Pietrasanta • Audrey Guttman at Futura Gallery
The exhibition focuses on the dialogue between the Belgian artist and the writer Jiri Kolar. 27 collages on display
Love, memory and the relationship between past, present and future are the themes explored in a mixture of different media
“Beyond the Face” is the title of Audrey Guttman’s exhibition, hosted by Futura Art Gallery in Pietrasanta, until August 7th. Curated by Chiara Vecchiarelli, professor at the École Normale Superiore in Paris and member of the coordinating committee of the Forum of Italian contemporary art. The exhibition focuses on the dialogue between the works of the Belgian multidisciplinary artist with those of Jiri Kolar, Czech poet and writer, revealing the deep links between the two imaginaries.
The poetics of Kolar persecuted and censored by the communist regime and imprisoned in 1953 because he was considered subversive, is in fact recalled by the mixture between texts and images that we find in the figure of Guttman. 27 collages on paper, all realized in the last year and one dated 2020, are the corpus of works present in the solo exhibition which focus on the human figure.

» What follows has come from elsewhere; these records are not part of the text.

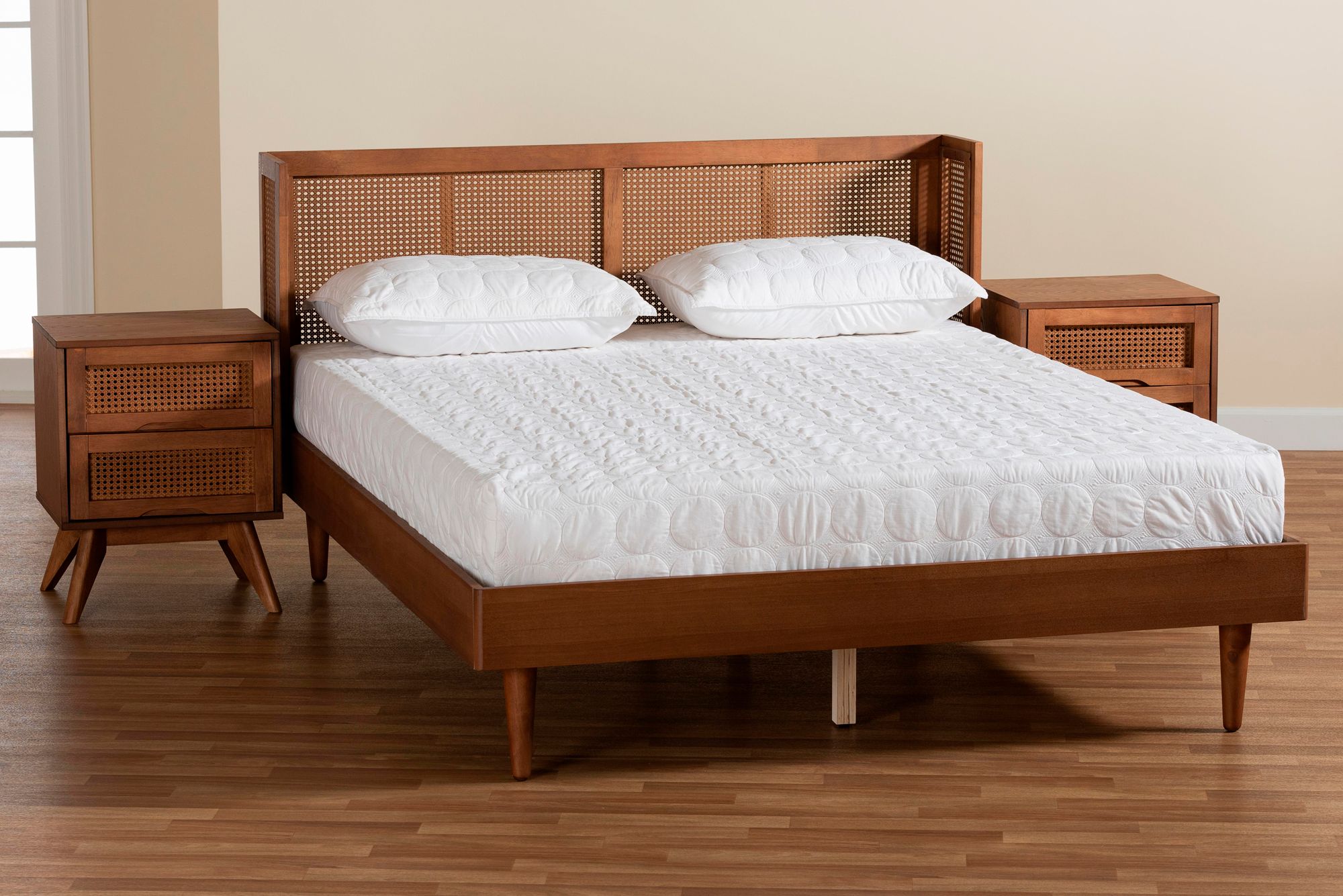 Rina Ash Walnut Wood 3-Piece King Size Bedroom Set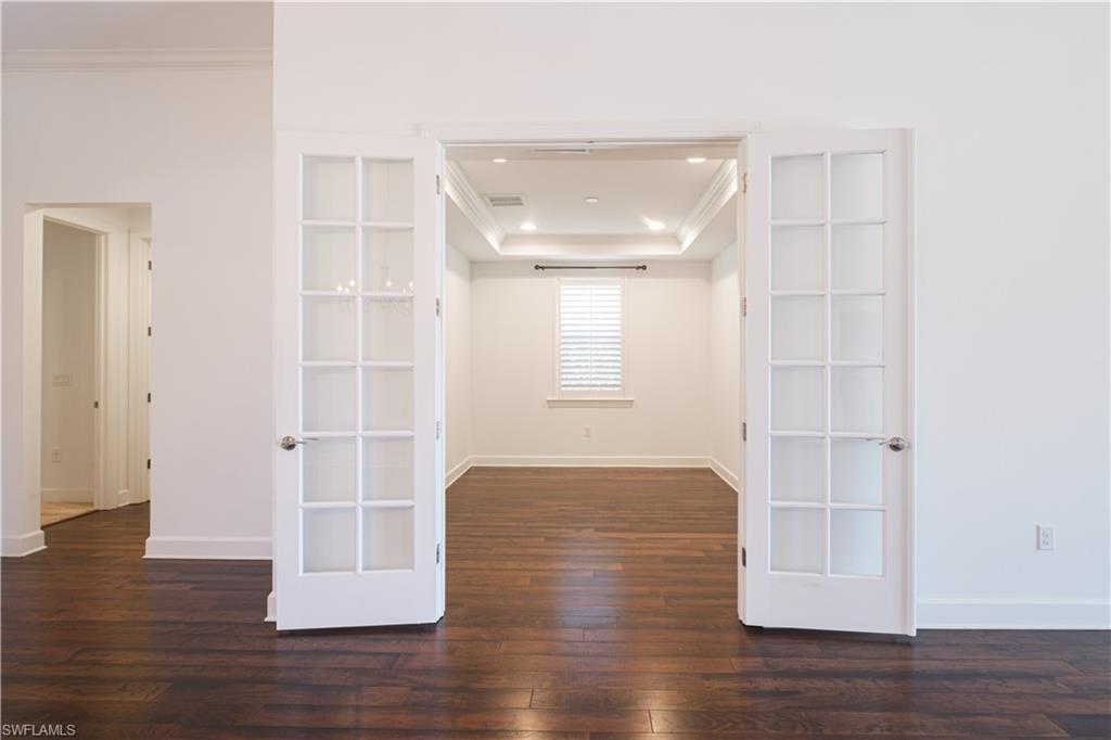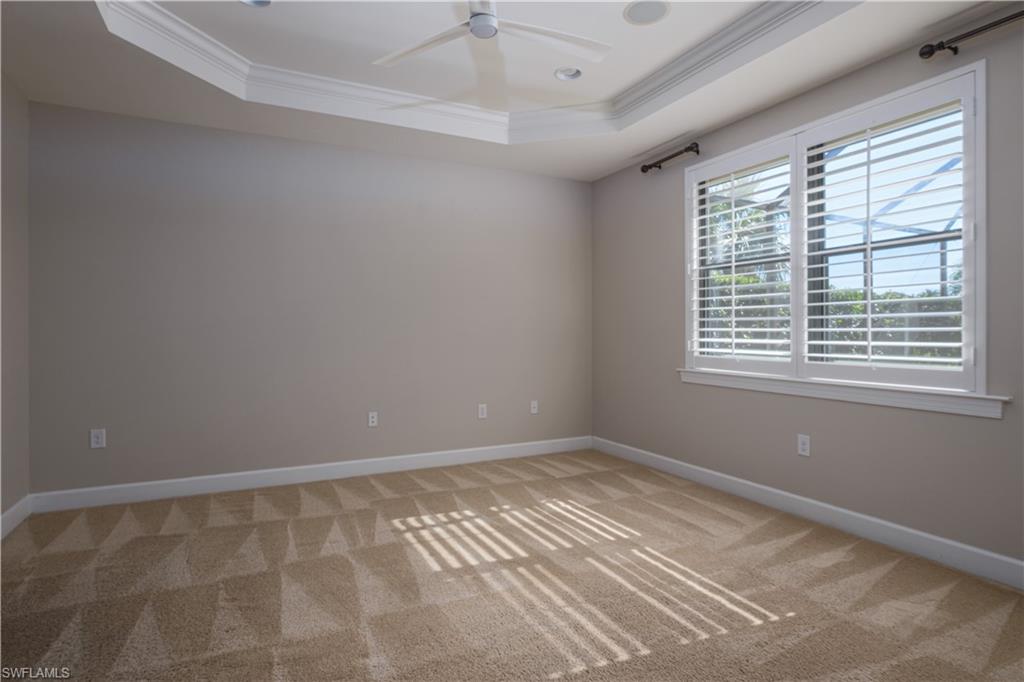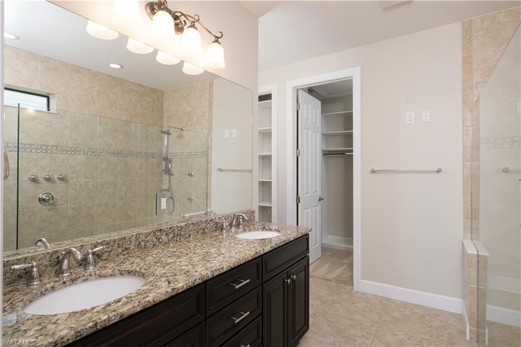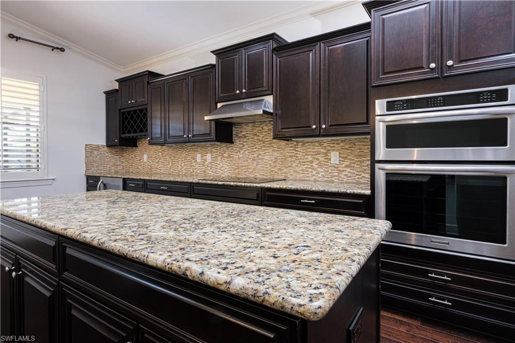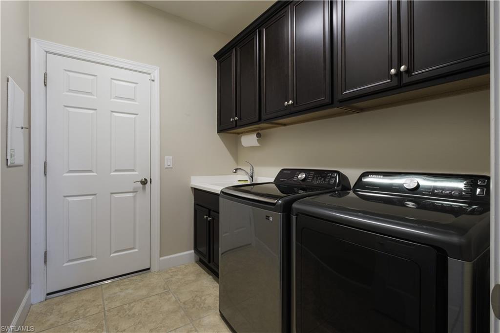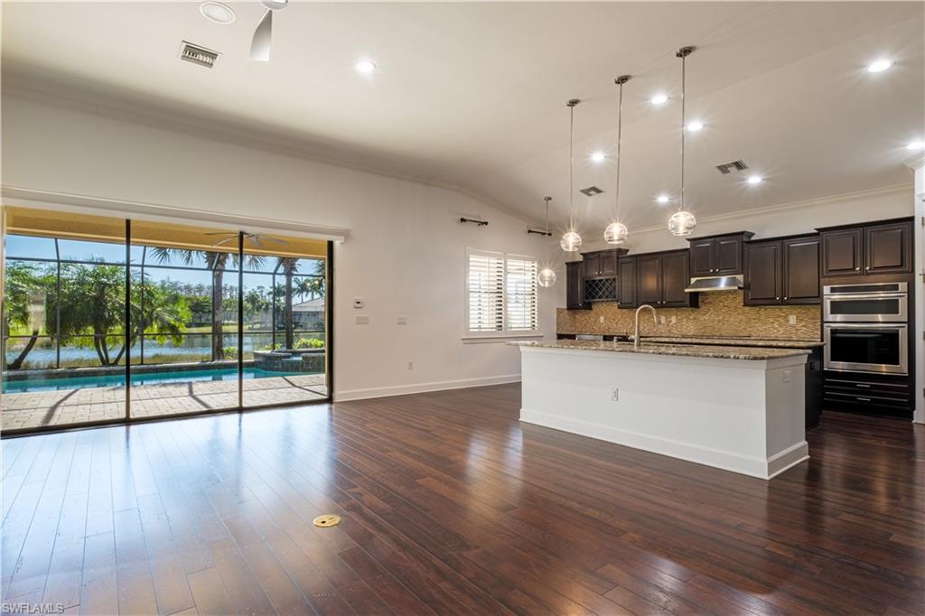 This former Cameron Model Home was designed for luxurious living, showcasing countless upgrades and thoughtful features. With three bedrooms, a den, and three bathrooms, this home boasts a private saltwater pool and spa on a spacious lanai overlooking serene lake views. The Southern exposure enhances the inviting atmosphere, perfect for relaxation or entertaining. Inside, you'll find beautiful hardwood flooring, custom-built closets, hidden storage, a gourmet kitchen with a wine cooler and double island, plantation shutters throughout, fresh interior paint, newly sealed pavers, hurricane protection, and newly refinished flooring in the extended (23' deep) garage. Located just a short walk to the clubhouse and amenities, this amenity-rich gated community features a resort-style pool, fitness center, yoga room, tennis and pickleball courts, and a stunning clubhouse, all with low HOA fees. Conveniently situated near A-rated schools, I-75, shopping, dining, and RSW Airport, this home offers the perfect blend of elegance and practicality. Schedule your private showing today!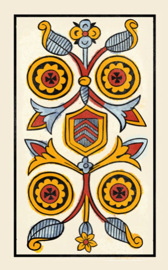 I have to admit to a personal bias. I love the pips! I know these minimalistic cards, with no scenes to suggest their meaning, are a huge stumbling block for many people. But I see each card as a field of vibrating energy. There’s no need to apply attributions from esoteric systems as a crutch. Enrique Enriquez’s “visual poetry” approach to tarot underlies this section of the book, adding to the depth and poetry.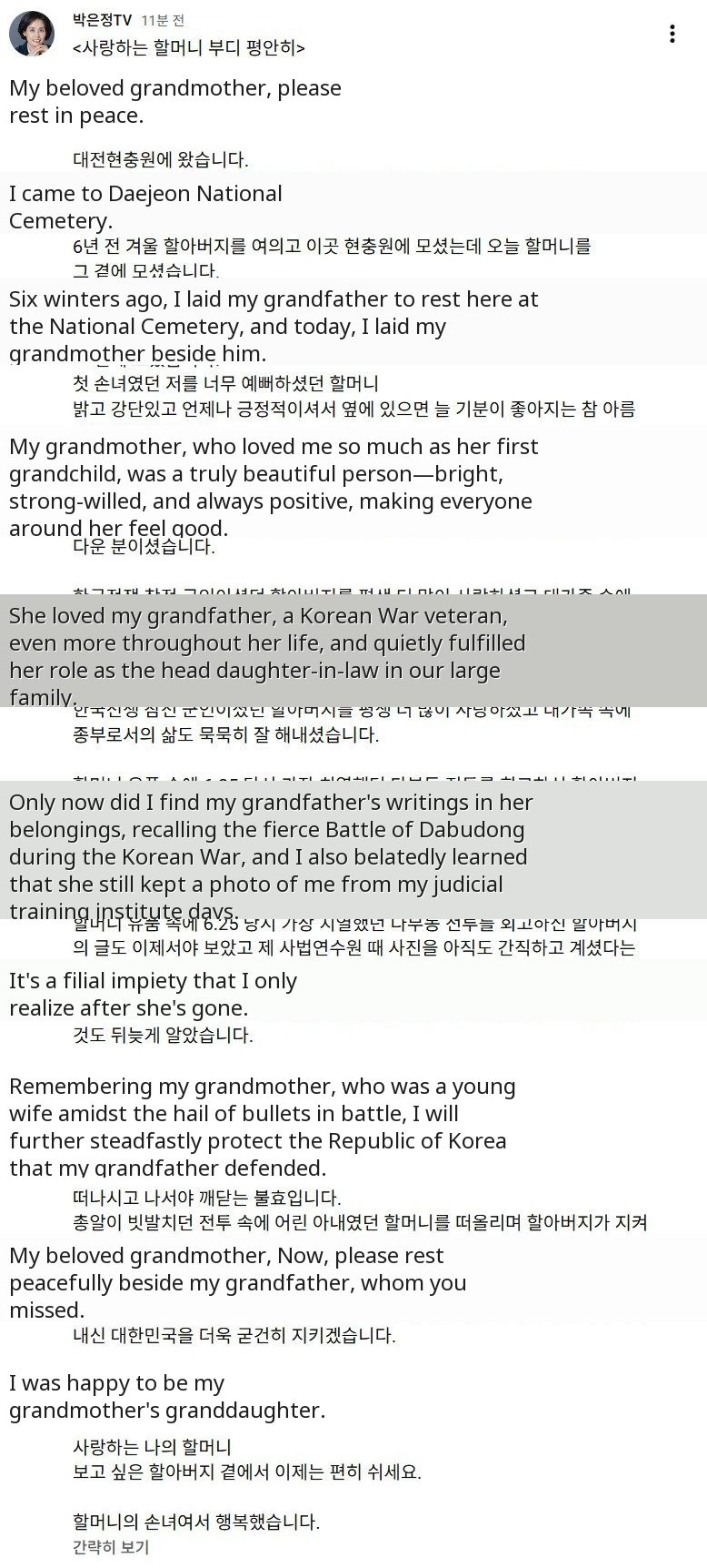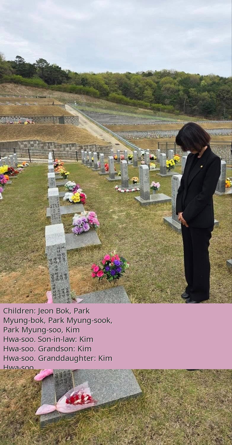 Reflecting on her grandfather's sacrifice, who protected the nation while bullets rained down, thinking of his young wife, Park Eun-jung vowed to continue safeguarding the Republic of Korea. She concluded her touching tribute by wishing her grandmother eternal peace beside her beloved grandfather, expressing her happiness and pride in being her granddaughter.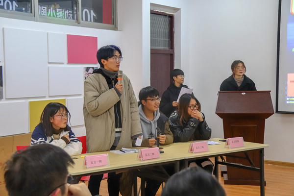 参加比赛的两支队伍分别来自18动画(单)班和18数字媒体艺术(1)班。在开篇立论中,正反方积极辩论和补充立论。盘问小结中,双方队员目标明确地发表了自己的观点,进行激烈的交锋。很快,比赛进入了自由辩论环节。场上辩手轮番上场,唇枪舌战令大家惊叹不已。在观众提问环节,在场的同学们都争先恐后地发问,而辩手们也都是沉着自信地予以应答。评委们认真地听着每位辩手的陈词、提问和回答,对辩手们的表现进行打分。在评委讲评环节,每位评委都很负责地指出了各个辩论队队员的优点和不足。在肯定比赛中的亮点之后,评委们针对其中出现的一些问题进行了详细讲解,并提出了很多有益的建议。最后,18数字媒体艺术(1)班获得了本次学院“唇枪舌战”辩论赛冠军。
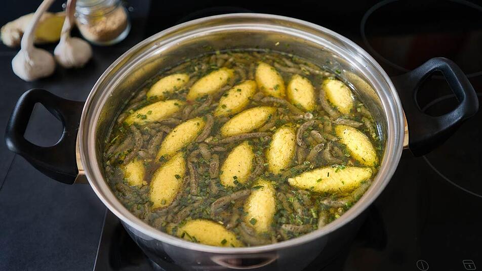 - Eine klare Brühe erhitzen, die Leberspätzle und die Nockerl dazugeben und kurz aufkochen lassen. Die Suppe anrichten und mit fein gehackter Petersilie garnieren.

Fragments of bodies and faces are deconstructed and reconstructed in the process of researching new connections and parallels between them and the society in which we live.
Love, memory and the relationship between past, present and future are among the themes explored here, with a harmonious mixture of different media that allows our inner contradictions to emerge without forcing them, but leading the investigation with a sensitive and delicate look at the past. The aesthetic potential of anatomical structures finds space to play with poems and clippings in a new assembly of images, words and colors with a strong compositional balance. Connections between bodies, parts of hands and faces, anthropomorphic silhouettes sampled with mechanical details, games of projections of light and shadow describe a dreamlike dimension that contemplates the strong surrealist tradition originating from the country of origin of the artist.
The aesthetic potential of the anatomical structures play with poems and cutouts in an unpublished assemblage
The femininity that characterizes some of the subjects finds in the sinuous lines a further field of expression, a space in which to free oneself. Awarded the artist residency at the Hangar Photo Art Center in Brussels, she lives and works in Paris, where she earned two masters in art history, art theory and literature and a degree in political science. In 2020 she published a book titled “Making Arrangements”; and her resume of exhibitions are already substantial, despite the young age, ranging with exhibitions from France to Belgium to Italy. “Little Athens”, the nickname with which Pietrasanta is known, draws on a historical context to decline, with this initiative, a glimpse at the future.